本文介绍了删除arraylist中的重复项的处理方法,对大家解决问题具有一定的参考价值,需要的朋友们下面随着小编来一起学习吧!
问题描述
我有以下问题
I have below question
Quote:
您将获得以下数字序列,
1,652,5,15,385,4,55,666,13,2,4658,9,55,588,10,1083,17,4。
你可以通过仅使用For循环和ArrayList删除重复的数字。
You are given the following sequence of numbers,
1, 652 ,5, 15, 385, 4 , 55, 666, 13, 2, 4658, 9, 55, -588, 10, 1083, 17 ,4.
You can remove the duplicate numbers by only using For loop and ArrayList .
这是我的输出
And this is my output
Before remove : [-588, 1, 2, 4, 4, 5, 9, 10, 13, 15, 17, 55, 55, 385, 652, 666, 1083, 4658]
[-588, 2, 4, 9, 13, 17, 55, 652, 1083]有些商品已被删除。
编辑
删除排序方法后,我的输出如下
Some items are removed.
Edit
After I remove the sort method, my output as below
Before remove : [1, 652, 5, 15, 385, 4, 55, 666, 13, 2, 4658, 9, 55, -588, 10, 1083, 17, 4]

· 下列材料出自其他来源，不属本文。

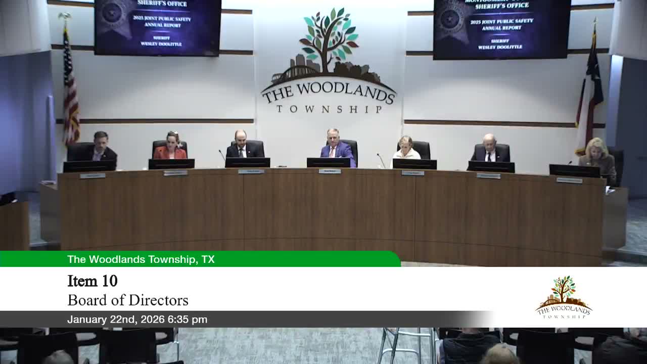 Captain Ryan Drody and other county and precinct officers told The Woodlands Township board on Jan. 22 that public-safety work in 2025 showed mixed trends: calls for service rose while several categories of crime and injury accidents fell.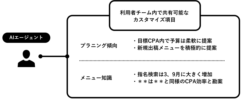 ユーザーは、メディアに関する新たな知識やプラニング特性などを「dialog」という機能を通してAIエージェントにインプットできます。これによりAIエージェントが持つデフォルトの知識や特性だけではなく、個別の事情に合わせてAIエージェントをチューニングすることが可能です。

[1, 5, 385, 55, 13, 4658, -588, 1083, 4]
我的尝试:
What I have tried:
public class Ex {
public static void main(String[] args) {
ArrayList list = new ArrayList();
list.add(1);
list.add(652);
list.add(5);
list.add(15);
list.add(385);
list.add(4);
list.add(55);
list.add(666);
list.add(13);
list.add(2);
list.add(4658);
list.add(9);
list.add(55);
list.add(-588);
list.add(10);
list.add(1083);
list.add(17);
list.add(4);
Collections.sort(list);
System.out.println("Before remove : " + list);
for (int i = 0; i < list.size(); i++) {
for (int j = 1; j < list.size(); j++) {
if (list.get(i) == list.get(j)) {
list.remove(j);
}
}
}
System.out.println(list);
}
}推荐答案
// ...
System.out.println("Before remove : " + list);
for (int i = 0; i < list.size()-1; ++i)
{
for (int j = i+1; j < list.size(); ++j)
{
if (list.get(i) == list.get(j))
{
list.remove(j);
--j; //deal with shifted indices
}
}
}
System.out.println(list);
[/ Update]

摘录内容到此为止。